Ah, o terror da mulher domesticada, o terror do cotidiano solitário da mulher inteligente e criativa que se vê a sós com seu(s) filho(s) no espaço de uma casa invariavelmente isolada, à eterna espera de um marido que pode, ele sim, ir e vir a seu bel-prazer. Esse mote já foi hiperexplorado na literatura (e no cinema) e aqui toma corpo nas vivências de Grace (Jennifer Lawrence), escritora e mãe de primeira viagem que se vê em profundo tédio (e, naturalmente, em bloqueio criativo) numa casa que poderia ter saído de um filme de terror. De fato, o imóvel foi herdado de um parente que se suicidou e vai abrigar fantasmas, mas os fantasmas de Grace, que cai em desgraça (trocadilho intencional) quando seu insulamento profundo e dedicação apenas à vida doméstica provocam o que vai se configurando como um quadro de psicose.

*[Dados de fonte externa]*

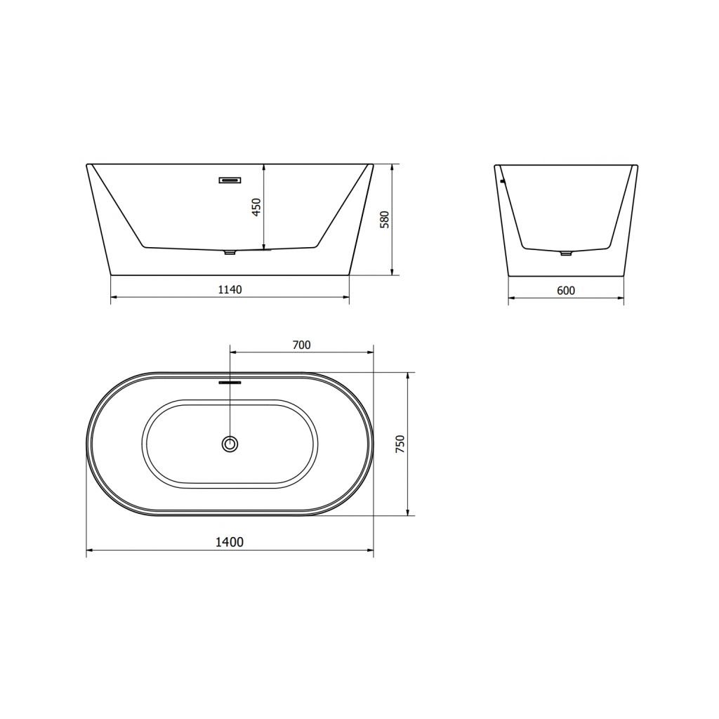 Mexen Luna, voľne stojaca vaňa 140 x 75 cm, biela, grafitový prepad, 52031407500-95

A diretora, Lynne Ramsay, encontra maneiras claramente inventivas para encenar o crescente descompasso de Grace com o mundo à sua volta. Neste contexto, a escolha da janela quadrada amplia a sensação de claustrofobia da protagonista, um acerto da direção de fotografia de Seamus McGarvey. O longa, no entanto, sofre de um problema comum das adaptações literárias de romances que se dedicam a uma investigação psicológica detida de seus personagens. Quando uma obra literária se constrói como uma narrativa em primeira pessoa que é também um mergulho vertiginoso no mundo interior de alguém, o cinema tem dificuldade para emular este modo narrativo comum do romance – afinal, a menos que estejamos falando do raríssimo caso de um filme que se desenrola inteiramente em planos ponto de vista, estamos legados a precisar forçosamente retratar o mundo externo no qual se encontram os personagens. Neste contexto, é possível, claro está, lançar mão de uma infinidade de recursos para posicionar o espectador no pacto narrativo (ou seja, para dizer: isto não é necessariamente a verdade, mas uma representação de uma perspectiva), da narração em voz over a toda uma série de expedientes fotográficos. No caso de Morra, amor, esses métodos parecem vacilantes e têm-se a impressão permanente de uma adaptação insegura do material literário (não se trata aqui de comparar um filme a um livro, mas da sensação transmitida ao espectador que nem sequer conhece o livro de estar diante de uma narrativa intermediada por um elemento estrangeiro que jamais é posto em cena e que surge não como mistério, mas como ruído). Em última análise, esse distanciamento acaba por afastar o espectador não só da protagonista, mas de todos os personagens, que permanecem inacessíveis e flutuantes.
Ironicamente, é essa posição de afastamento a que o espectador é legado que promove alguns dos melhores momentos da obra, à medida que somos obrigados a assistir, conscientes de nossa completa impotência, à espiral vertiginosa da loucura de Grace, que se aprofunda no terreno fértil da flagrante negligência dos parentes. O elenco traz veteranos talentosos, Sissi Spacek e Nick Nolte, que elevam muito o conjunto. No papel do marido, Robert Pattison surge correto, mas um tanto esquecível. A interpretação de Jennifer Lawrence tem um vigor que ela não demonstrava desde Inverno da alma, ainda que com momentos derrapantes. Não é de bom tom comparar com a Mabel de Gena Rowlands em Uma mulher sob influência.
De modo geral, trata-se de um filme irregular, mas que usa sua irregularidade como modus operandi. Um laivo de genialidade ou uma maneira ostensiva de mal esconder uma mácula? Talvez um pouco dos dois.